Daddy always knew where to find them,
Deep in the murmuring summer park –
My legs sticking to our car’s vinyl seats,
Still trees bristling with slurring cicadas.

Nestled under stiff leaves and nettles,
Like clusters of tiny dark eggs –
The youngest ones hard and green,
Reddening, deepening into bursting black,
Juice tattooing my fingers
As I plunked them into my pail.

The ditches teemed with them,
Their untamed abundance made me greedy –
My grabbing hands ignored the briars,
Blood mixing with the berry stains,
Cuts on fingers and wrists stinging in sweat –
Feeling them burn on the way home,
Staring at the bucket of bruised wild in my lap.

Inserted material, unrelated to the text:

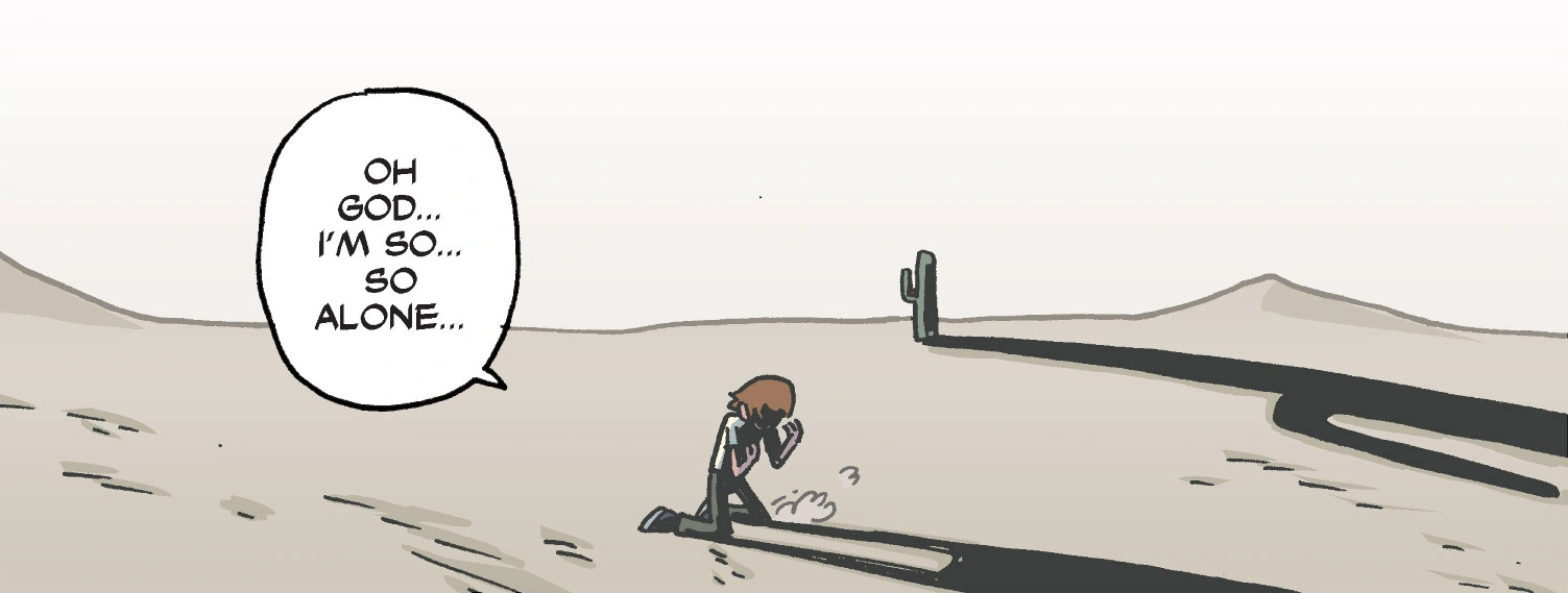 The pervading sense of isolation was one thing that made the series so relatable to me. I feel lonely… sometimes… There — I said it. It’s strange that it’s something we know everyone else has experienced at some point, but we’re so reluctant to admit it in ourselves. Of course I am not one of those stereotypical lonely guys who sits in his room all day playing video games, but neither is Scott Pilgrim. We even both have friends and family to which we are deeply attached. Yet throughout the comics there is one panel that every so often reappears. In it Scott is kneeling in a barren land and lamenting, “Oh God…I’m so…so alone.” Though I admit I don’t have the deepest appreciation for comic book art, this scene deeply struck me. The sense of isolation amidst all those people he is surrounded by is profound. Though loneliness is a feeling common to all, we all experience it in our own secluded way. I guess it wouldn’t be called loneliness otherwise.

He insisted on making it himself:
We could only watch our work transform,
His wrinkles of old worry unfold in pride
As he pulled it bubbling from the oven,
Veins of popping purple juice running
Through peaks of browned sugared dough,
Served thick with melting vanilla ice cream,
Summer filling our scalded mouths.

When his ruined lungs blistered beyond breath
I could still feel his sweet burden singe my tongue,
See his haggard face soften in the oven’s steam,
The plunging of our hands into dark bramble
Over and over, scratching for swollen treasure,
Scarring ourselves to fill his latest search
For a happier evening, his recipe for something good.